After waiting breathlessly for three long years for Arcadian to bloom, one has to admit that a menu populated with pizza, fried chicken, french fries and popcorn — scooped from a theater-style popper perched behind the bar — is bound to underwhelm a diner regardless how good they taste. But the blame for that feeling shouldn't rest at the feet of chef-owners Cory and Rebecca Hess; it was the protracted construction process that upended all timetables, budgets and, ultimately, our expectations.
When all of this began, the plan was to replace the ragtag City Grill with an "approachable, neighborhood-friendly gastropub." But as the project grew more and more complicated, shifting from a modest makeover to a complete gut and rebuild, those original menu strategies no longer felt right, explains Rebecca Hess.
"It was going to be a lot more casual, but as the space evolved, as the build-out kept going and going, the original concept didn't fit," the chef admits.

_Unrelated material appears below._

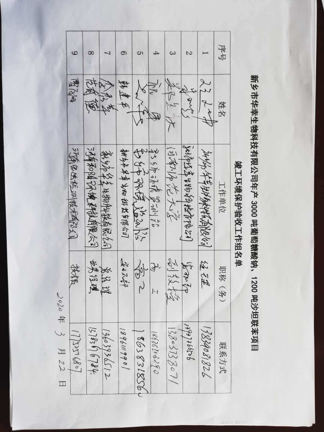 依據(jù)國(guó)務(wù)院第682號(hào)文頒布的新《建設(shè)項(xiàng)目環(huán)境保護(hù)管理?xiàng)l例》和原環(huán)境保護(hù)部國(guó)環(huán)規(guī)環(huán)評(píng)[2017]4號(hào)文公告的《建設(shè)項(xiàng)目竣工環(huán)境保護(hù)驗(yàn)收暫行辦法》的相關(guān)要求,新鄉(xiāng)市華幸生物科技有限公司于2020年1月20日在新鄉(xiāng)市華幸生物科技有限公司廠區(qū)召開會(huì)議,對(duì)新鄉(xiāng)市華幸生物科技有限公司年產(chǎn)30000噸葡萄糖酸鈉、1200噸沙坦聯(lián)苯項(xiàng)目進(jìn)行竣工環(huán)境保護(hù)驗(yàn)收。會(huì)議成立了驗(yàn)收工作組,成員由建設(shè)單位新鄉(xiāng)市華幸生物科技有限公司、驗(yàn)收檢測(cè)單位河南和陽環(huán)境科技有限公司、河南宏達(dá)檢測(cè)技術(shù)有限公司的代表及邀請(qǐng)的技術(shù)**組成(驗(yàn)收工作組名單附后)。會(huì)前,驗(yàn)收工作組成員對(duì)工程主要生產(chǎn)設(shè)施、環(huán)保設(shè)施進(jìn)行了現(xiàn)場(chǎng)檢查,會(huì)議聽取了建設(shè)單位關(guān)于項(xiàng)目建設(shè)情況及竣工環(huán)保工作的情況介紹、竣工環(huán)保驗(yàn)收監(jiān)測(cè)報(bào)告編制單位關(guān)于驗(yàn)收監(jiān)測(cè)工作技術(shù)匯報(bào),查閱了竣工環(huán)保驗(yàn)收監(jiān)測(cè)報(bào)告,核實(shí)了有關(guān)資料。經(jīng)過認(rèn)真審議與討論,形成如下驗(yàn)收意見:

Complicating matters was that damn pizza oven, a nonnegotiable piece of kitchen equipment by order of the silent investor. That — along with the adorably named Henny Penny commercial pressure fryer — dictated that regardless how sexy, stunning and "award-winning" the interior design of the restaurant would become, lowly pizza and fried chicken would be on the tables.
In an attempt to live up to the room, perhaps, the chefs jazzed things up, adding upmarket dishes like a caviar tasting, seafood tower and surf and turf tartare. While the end result is a menu (and restaurant) that lacks a well-defined identity, it's a formula that likely works better for the neighborhood than the original plan of attack. Arcadian, in its present form, can accommodate a wide range of tastes and budgets, from the weekday happy hour to the weekend date night.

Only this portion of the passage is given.